Nah, supaya masa transisi ini nggak berlarut-larut, kamu perlu strategi yang tepat dalam mencari kerja setelah resign. Dengan langkah yang terarah, peluang untuk cepat mendapatkan pekerjaan baru jadi lebih besar. Yuk, simak 8 tips penting yang bisa kamu terapkan!

1. Tentukan Arah Karier yang Lebih Jelas

Setelah resign, penting banget untuk tidak asal melamar pekerjaan. Justru ini momen yang tepat untuk mengevaluasi apa yang sebenarnya kamu inginkan dalam karier. Coba pikirkan kembali pengalaman kerja sebelumnya, apa yang kamu suka dan apa yang ingin kamu hindari di pekerjaan berikutnya.

Dengan arah yang jelas, kamu bisa lebih fokus dalam mencari lowongan. Misalnya, apakah kamu ingin tetap di bidang yang sama, pindah industri, atau bahkan mencoba jalur karier baru. Kejelasan ini akan membantu kamu menyaring peluang kerja yang benar-benar sesuai dengan tujuanmu.

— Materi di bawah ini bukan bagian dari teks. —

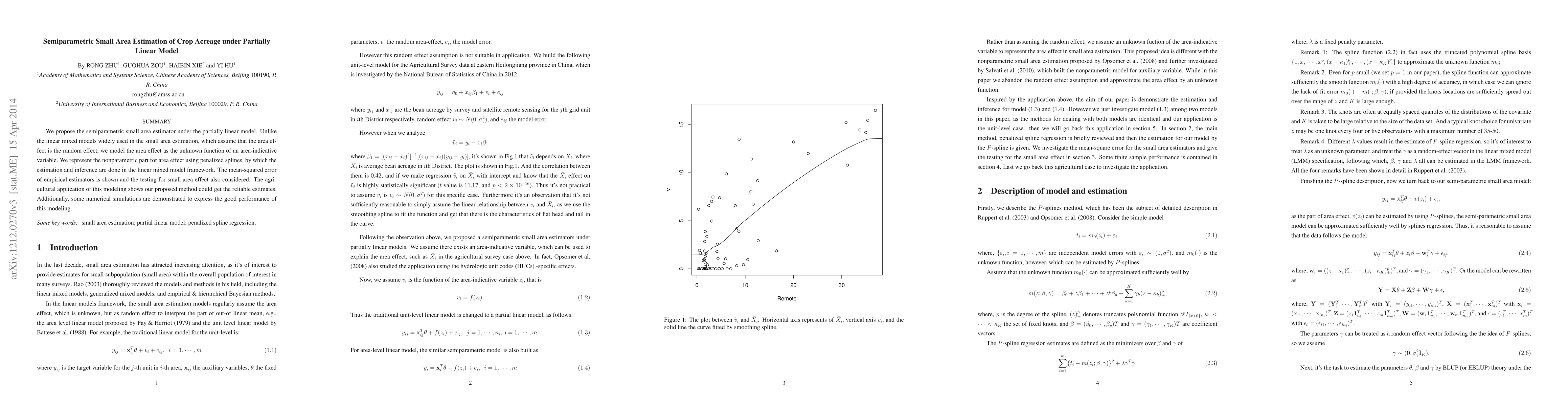 This paper proposes a semiparametric approach for small area estimation of crop acreage using a partially linear model, where the small area effect is modeled as an unknown function of an area-indicative variable. The method employs penalized splines for the nonparametric part and demonstrates good performance through numerical simulations.

2. Perbarui CV dan Portofolio

CV dan portofolio adalah “senjata utama” saat melamar kerja. Setelah resign, pastikan semua pengalaman terbaru sudah tercantum dengan rapi dan relevan. Jangan hanya menuliskan job desk, tapi juga pencapaian yang bisa menunjukkan value kamu.

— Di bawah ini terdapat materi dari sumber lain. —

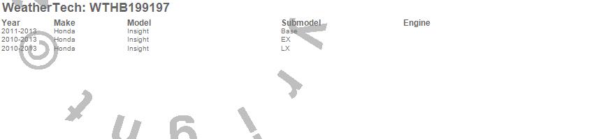 Below is an abbreviated list of applications for the All Weather Floor Mats.Insight, Honda, 2013, 2012, 2011, 2010
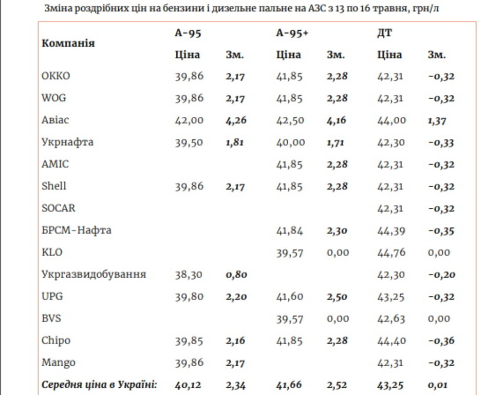 В Украине розничные сети автозаправочных станций в период с 13 по 16 мая откорректировали цены на бензин и дизельное топливо.

Selain itu, sesuaikan CV dengan posisi yang kamu lamar. Hindari menggunakan satu CV untuk semua lowongan. Sedikit penyesuaian bisa membuat CV kamu terlihat lebih spesifik dan menarik di mata recruiter.

3. Manfaatkan LinkedIn dan Job Portal

Di era digital, mencari kerja jadi lebih mudah dengan bantuan platform online. LinkedIn, JobStreet, hingga Glints bisa jadi sumber informasi lowongan yang sangat membantu.

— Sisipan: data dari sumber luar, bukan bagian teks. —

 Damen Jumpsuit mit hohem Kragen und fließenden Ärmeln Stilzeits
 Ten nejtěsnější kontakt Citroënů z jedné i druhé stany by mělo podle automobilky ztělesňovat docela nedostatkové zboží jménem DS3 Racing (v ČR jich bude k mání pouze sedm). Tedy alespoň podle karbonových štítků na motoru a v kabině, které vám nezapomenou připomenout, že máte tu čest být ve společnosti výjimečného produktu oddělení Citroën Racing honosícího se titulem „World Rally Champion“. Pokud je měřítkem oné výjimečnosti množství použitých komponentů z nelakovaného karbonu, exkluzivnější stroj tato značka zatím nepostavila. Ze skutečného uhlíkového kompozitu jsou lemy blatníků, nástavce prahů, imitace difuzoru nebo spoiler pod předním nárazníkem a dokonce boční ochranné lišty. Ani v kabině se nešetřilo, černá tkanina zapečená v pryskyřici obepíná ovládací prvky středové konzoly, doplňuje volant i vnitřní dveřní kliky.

Pastikan profil LinkedIn kamu sudah up-to-date dan profesional. Gunakan foto yang jelas, deskripsi yang menarik, serta highlight pengalaman kerja yang relevan. Jangan ragu juga untuk aktif berinteraksi, karena networking sering kali membuka peluang kerja yang tidak dipublikasikan secara luas.

4. Perluas Networking

Banyak orang mendapatkan pekerjaan bukan hanya dari melamar, tapi juga dari koneksi. Setelah resign, coba hubungi kembali teman kerja lama, alumni kampus, atau kenalan profesional lainnya.

Kamu bisa mulai dengan sekadar update kondisi atau bertanya tentang peluang kerja. Networking yang baik bisa membuka pintu ke peluang yang sebelumnya tidak kamu ketahui. Bahkan, rekomendasi dari orang dalam sering kali punya nilai lebih di mata perusahaan.

5. Tingkatkan Skill Selama Masa Menganggur

Daripada hanya menunggu panggilan kerja, manfaatkan waktu luang untuk meningkatkan skill. Kamu bisa ikut kursus online, webinar, atau belajar secara mandiri.

Skill baru ini bukan cuma menambah nilai di CV, tapi juga menunjukkan bahwa kamu tetap produktif selama masa transisi. Apalagi kalau skill tersebut relevan dengan posisi yang kamu incar, peluang diterima kerja bisa jadi lebih besar.

6. Buat Jadwal Khusus Mencari Kerja

Mencari kerja juga butuh disiplin, layaknya bekerja. Tanpa jadwal yang jelas, kamu bisa jadi mudah menunda atau kehilangan arah.

Coba buat rutinitas harian, misalnya waktu khusus untuk mencari lowongan, mengirim lamaran, dan mempersiapkan interview. Dengan jadwal yang teratur, proses mencari kerja jadi lebih terstruktur dan efektif.

7. Persiapkan Diri untuk Interview

Setelah mengirim lamaran, tahap berikutnya adalah interview. Banyak kandidat gagal bukan karena tidak kompeten, tapi karena kurang persiapan saat wawancara.

Latih cara menjawab pertanyaan umum, seperti alasan resign, kelebihan dan kekurangan, serta kontribusi yang bisa kamu berikan. Jangan lupa juga untuk riset perusahaan sebelum interview agar kamu terlihat lebih siap dan serius.

8. Jaga Mental dan Tetap Konsisten

Proses mencari kerja tidak selalu berjalan mulus. Ada kalanya lamaran tidak mendapat respon atau ditolak. Hal ini wajar dan bukan berarti kamu tidak kompeten.

Yang terpenting adalah tetap konsisten dan menjaga mental. Jangan langsung menyerah setelah beberapa kali gagal. Anggap setiap proses sebagai pembelajaran agar kamu bisa tampil lebih baik di kesempatan berikutnya.

Mencari kerja setelah resign memang butuh usaha dan kesabaran. Tapi dengan strategi yang tepat, peluang untuk mendapatkan pekerjaan baru bisa datang lebih cepat dari yang kamu bayangkan. Jadi, tetap semangat dan konsisten, ya. Siapa tahu, pekerjaan yang lebih cocok dan nyaman sudah menunggu di depan!